# Nobody warned me about the smell!



## esperelda (Sep 17, 2010)

I had lots of useful information and tips before we came to France for our longest trip yet (5 weeks) but nobody, nobody mentioned the appalling smell of the waste water!!! I could not believe it, it seemed to permeate the whole van. At a couple of sites the 'van was not in a position for us to be able to get to the waste tap easily as it seems to be in a very awkward position on our Burstner.

What do others do about this problem? Should I be putting something down there to get rid of the smell? if so, what? 

I was consumed by the whole issue of stopping the smell enter the van, plugging up the plug holes and covering ones I didn't have a plug for.

It nearly drove me demented, well, more demented than I am already.

I would love to know what others do??


----------



## JohnsCrossMotorHomes (Jul 21, 2007)

Just get a cupfull of biological washing powder and mix it with water in the sink and let it go into the grey waste tank, no more smells.

Peter


----------



## Techno100 (May 8, 2010)

Always poor some tank fresh down the shower drain as the trap is so shallow that there is often no water in it after a move between sites and thus it's wide open to pong


----------



## safariboy (May 1, 2005)

We have never had more than a slight whiff from time to time. We are careful not to put anything very smelly down the plughole and wipe plates with paper before washing them.
In your situation I would put a solution of bleach down into the empty tank to kill of as many bugs as possible and then after flushing that well add a warm (40 deg max) solution of bio washing powder.

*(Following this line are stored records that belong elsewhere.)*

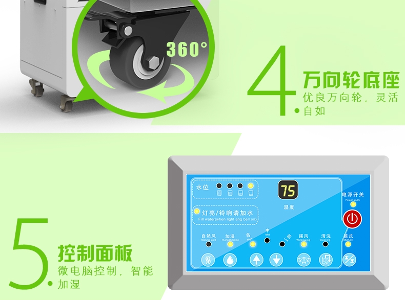 具有加湿及通风两种工作模式,加湿运行时,具有加湿和降温双重功效。
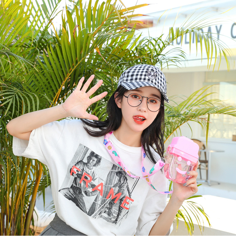 批发雅非奇创意卡通笑脸儿童雪糕塑料杯健身运动吸嘴背带塑料杯
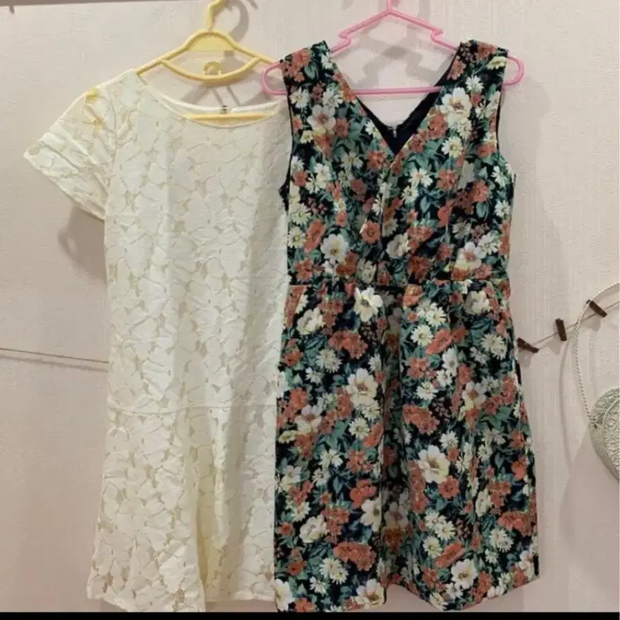 여성용 원피스 세트 화이트 꽃무늬
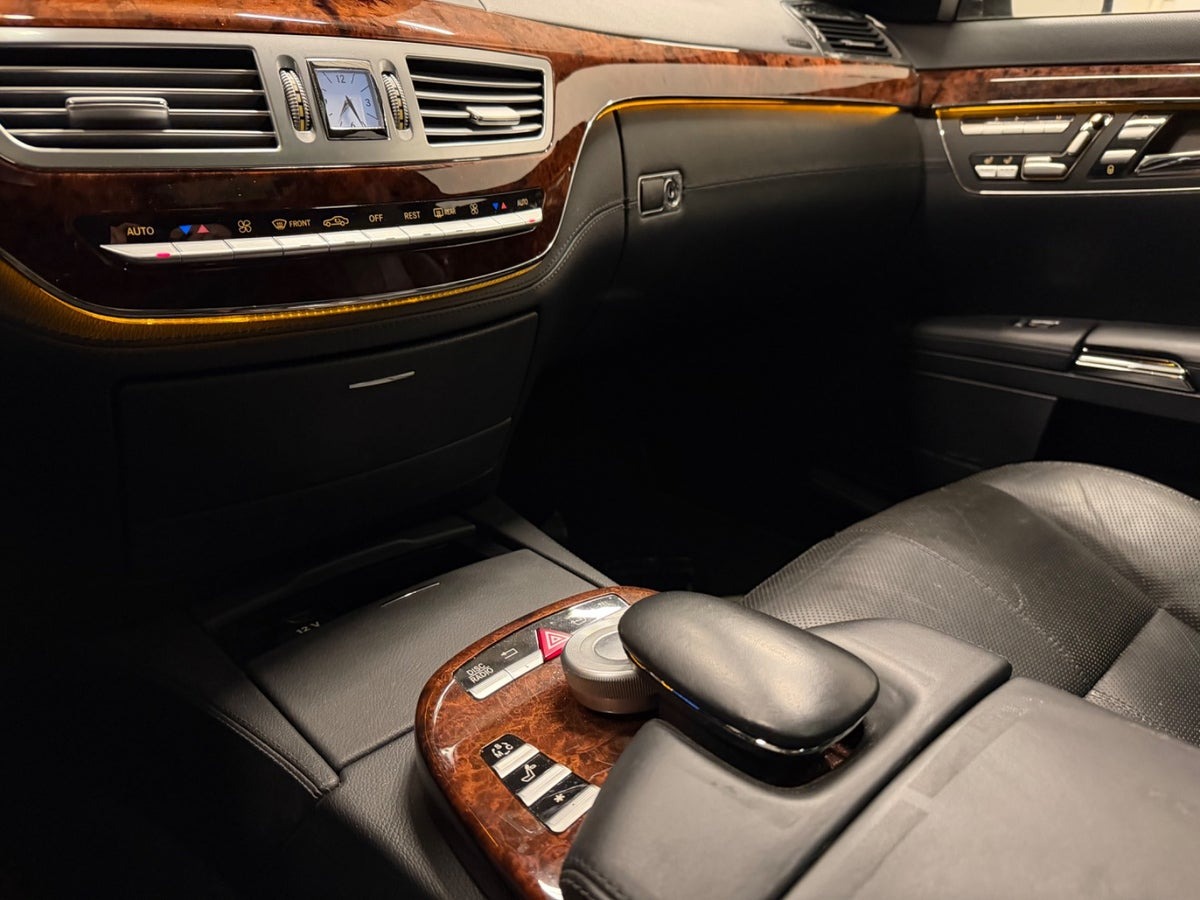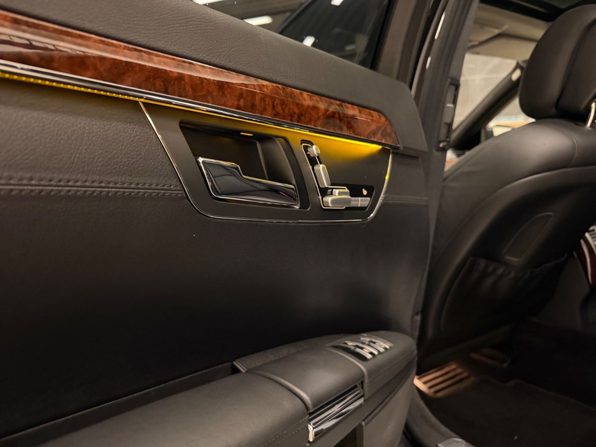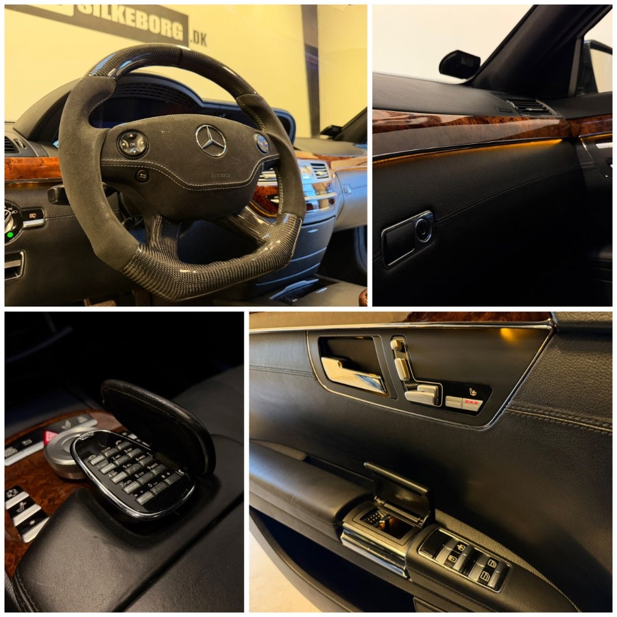 Dobbelt-lamineret ruder, lang model med Chauffør- og Executive bagsæde pakke, hvor højre bagsæde er indrettet som VIP-plads. Her kan bagsædepassageren køre forsædet frem elektrisk fra bagsædet for ekstra benplads, bi-xenon m. kurvelys, analog ur, læderbetrukket instrumentbord, bagsæderne er fuld el-justerbare ortopædiske luksussæder med udvidet tilbagelæning og sædevarme, ambiente belysning, DVD & TV-tuner, interiørlister i højglanslakeret asketræ, 2 zone klima, make-up spejl i bag, carbon/alcantara multifunktionsrat, læderindtræk, 7-trins automatgear, 20'' alufælge, el-klapbare sidespejle, mørktonede ruder i bag, cd/radio, parkeringssensor for/bag, lygtevasker, opgraderet baglygter, opgraderet AMG forkofanger, Fremtræder yderst pæn og velholdt - løbende vedligeholdt - sidst serviceret v. 182.000km
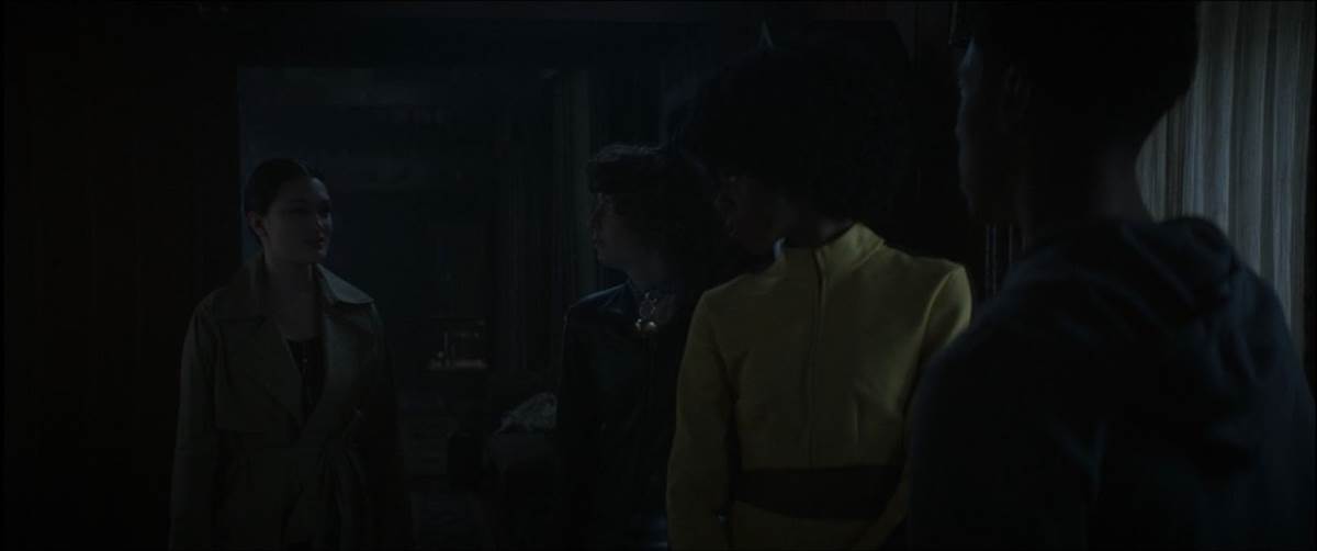After the sun sets, Isaiah, James, and Allison arrive at the old Biddle House. Isaiah’s dad always uses the same code on his lock boxes, and he quickly produces a key to the old home. He knows the new owner doesn’t move in until tomorrow, so they will be free to have a Halloween party there without interruption. They change into their costumes, with Allison as The Bride from Kill Bill and James as a “Sexy Cat" (although he looks like Cat Noir without the mask). Isaiah puts on a blond wig and takes off his shirt, but neither Allison nor James is able to guess who he is (Thor), so he chooses to go sans costume.
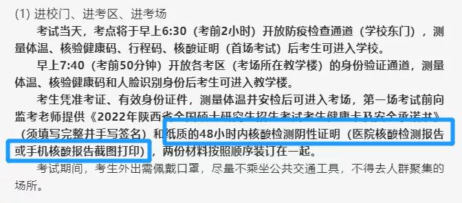 考生憑準考證、有效身份證件,測量體溫并安檢后可進入考場,第一場考試前向監(jiān)考老師提供《2022年陜西省全國碩士研究生招生考試考生健康卡及安全承諾書》(須填寫完整并手寫簽名)和紙質(zhì)的48小時內(nèi)核酸檢測陰性證明(醫(yī)院核酸檢測報告或手機核酸報告截圖打?。?,兩份材料按照順序裝訂在一起。
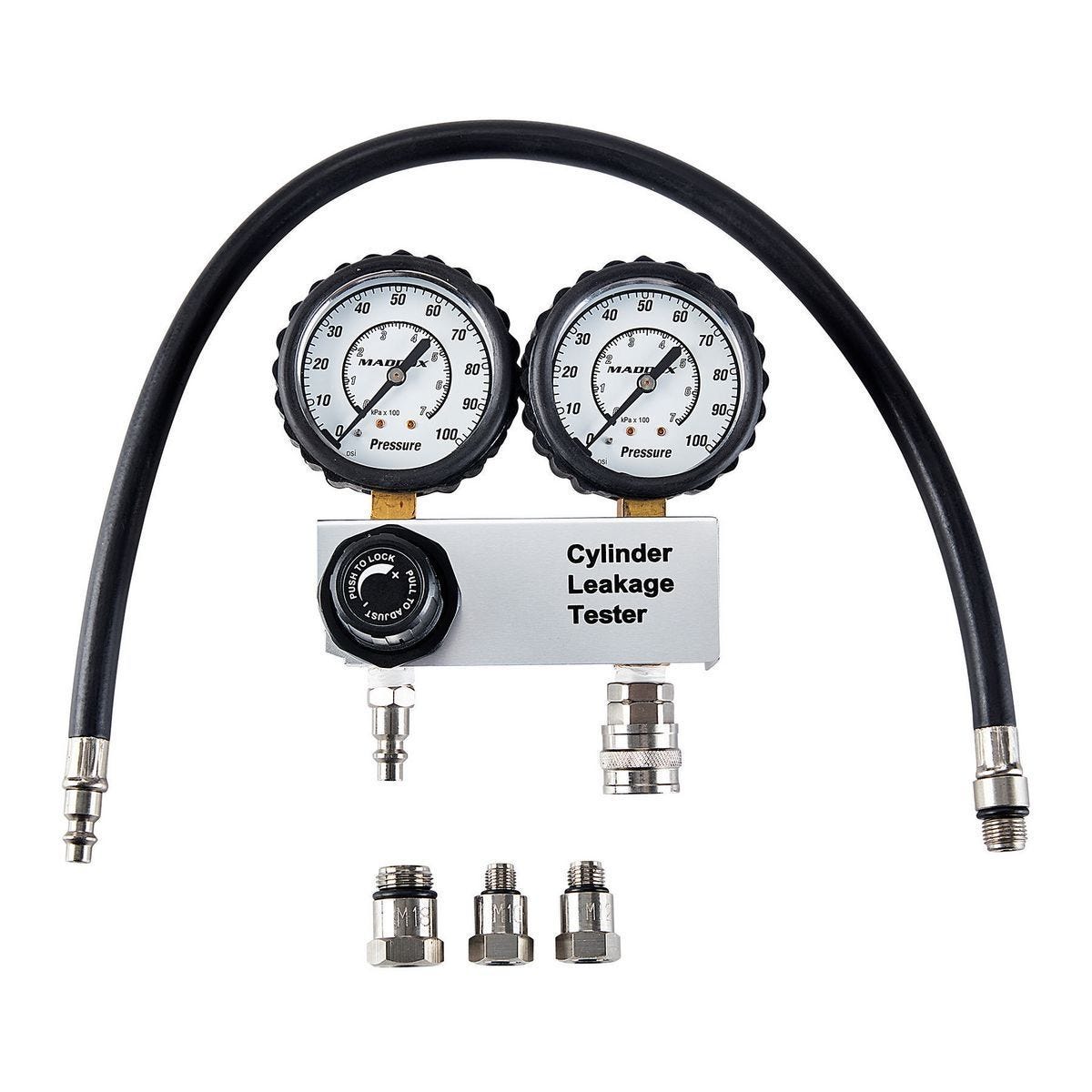 Kit probador de fugas en cilindros MADDOX® para diagnóstico preciso de motores. Incluye manómetro dual, adaptadores y estuche. Modelo MH5-1, SKU 64918.
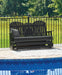 | Details | Made of MEGA-TUFF® HDPE (a high-density polyethylene), which gives the wood look you love and the weather resistance you crave, Stainless steel hardware, Designed to withstand the harsh elements of the outdoors, Includes drop-down table with 2 cup holders, Gentle gliding motion, Assembly required | |
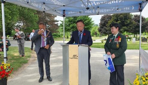 [한국뉴스타임=편집국] 가평군이 기증한 가평석에 한글과 영문으로 비문을 새긴 가평전투승전비가 제막식이 지난 16일 진행되었다. 제막식은 나이아가라 폭포 인근 페어뷰공원묘지에서 캐나다군 한국전 참전용사와 김성기 가평군수, 연아마틴 상원의원, 짐디오다티 나이아가리시장, 김득환 토론토총영사, 캐나다 동부지구 한인단체장 및 교민 등 250명이 참석한 가운데 성대하게 거행되었다.
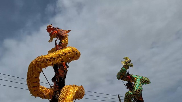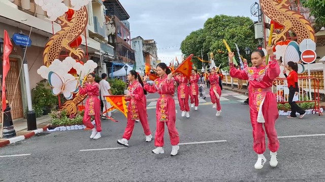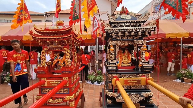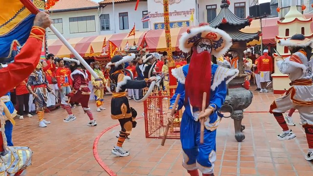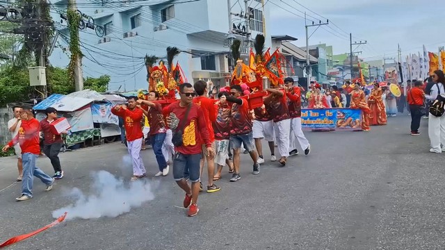 โดยในปีนี้การจัดขบวนแห่พระอย่างยิ่งใหญ่ตระการตามีการนำอังกอ ศาลเจ้าปู่ย่า จังหวัดอุดรธานี ที่มีชื่อเสียงระดับประเทศมาร่วมขบวนแห่และโชว์การแสดงให้ชาวสงขลาได้ชมด้วย รวมทั้งมังกรทองและมังกรมรกต ความยาวกว่า 100 เมตร เข้าร่วมในขบวนและโชว์การปีนเสา พร้อมขบวนธงหลากสีและต้องใช้ผู้เข้าร่วมขบวนทั้งนักเรียน นักศึกษา ทหารเรือ สมาชิกจากองค์กรต่างๆรวมทั้งประชาชนทั่วไปเกือบ 1,000 คน ที่เป็นอาสาสมัครเข้ามาร่วมบุญร่วมกุศลในวันนี้ โดยประชาชนได้ทำการตั้งโต๊ะบูชาหน้าบ้านตนเอง เพื่อความเป็นสิริมงคลให้กับตนเองและครอบครัว เมื่อมีการแบกเกี้ยวเทพเจ้าต่างๆผ่านหน้าบ้านก็จะเข้ามาให้ประชาชนได้กราบไหว้สักการะตลอดเส้นทางที่ขบวนผ่าน
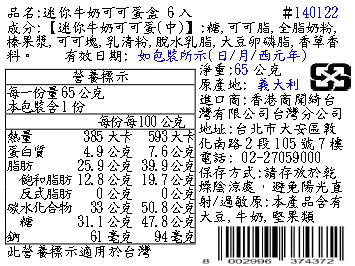 本產品含有大豆、牛奶、堅果類
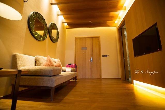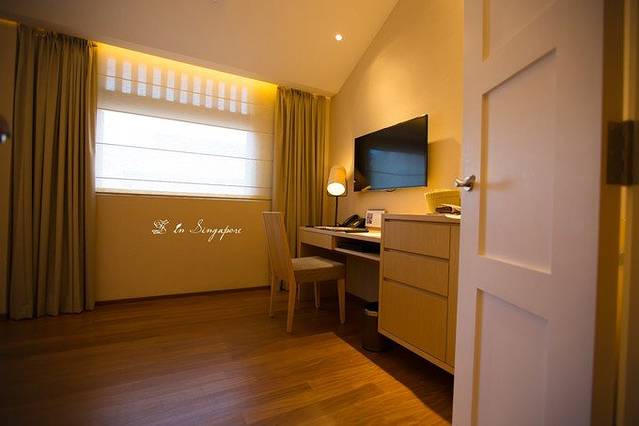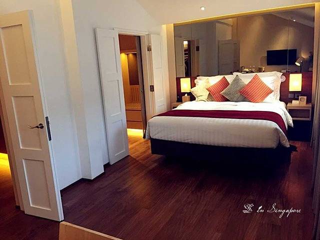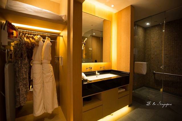 排队等德士大约15分钟左右,司机是个华人,给他看了酒店预订单,他开始说不认识,但一说是圣淘沙鱼尾狮像对面他就知道啦,从机场开往酒店的道路两旁种植了长排的花草,加上干净的地面和清新气息,心情变得格外开朗,这一路畅通无比,才20分钟左右就到酒店了,打车费20新币的样子,在进入圣淘沙岛时,要出示给相关人员酒店预订单,这样就可以免费入岛,否则可是要收入岛费的。酒店办理checkin的是个韩国MM,会说中文,态度很好,更好的是免费升级房间。哈哈哈哈,还有专人帮我们提行李到房间,服务值得表扬哦。在这个寸金寸土的小国,每晚1000出头的价格入住这样40多平米的套房信价比已经算不错了。唯一的缺点就是没有阳台。

Leave that for half an hour and then flush through with cold water.
You can also get grey water tank treatments but I have never tried them.


----------



## aldra (Jul 2, 2009)

Tecno

What is tank fresh?

The Hymer never smelt but this one does

Aldra


----------



## lifestyle (Apr 27, 2008)

Assuming you wipe your plates of any food before you wash up in the van ( i`m sure you do )   .
Every other day my wife put a bleach tablet down the plug hole,keeps your drain pipes and drain tank clean and free of any smells.
You can almost drink the waste water :roll: :roll: :lol: :lol: .

Les


----------



## Ozzyjohn (Sep 3, 2007)

Hi,

There are at least two stages to this.

1. You probably need to clean the waste water tank. If there is an access hole (large diameter bung) so that you can see into it, so much the better. Being mindful of any level indicator sensors, a good flush through will help. Driving around with cleanish water and bio washing liquid also helps. This last bit can be built into your journey home after each trip.

2. Be careful what you put down the sink! Avoid foodstuffs, water used to boil eggs, vegetables etc. Fat from cooking is another no no.

Others will no doubt be along with other thoughts.


Regards,
John


----------



## Techno100 (May 8, 2010)

This or the like
http://www.ebay.co.uk/itm/Elsan-2L-...Accessories&hash=item255bc8d1e6#ht_2301wt_901


----------



## Addie (Aug 5, 2008)

Don't let anything into your waste tank that isn't washing up water or shower water. Any bits of food, water that you've cooked the veg in and worst of all poached eggs in avoid putting into the tank.

When we empty ours the smell is a sort of sweet (but clearly waste water) smell.


----------



## greenasthegrass (Oct 27, 2007)

We seem to be having the same problem just bought some cheap disinfectant from a supermarket this cured it. Now have stinky toilet think the blade is failing to do job on the list for our return.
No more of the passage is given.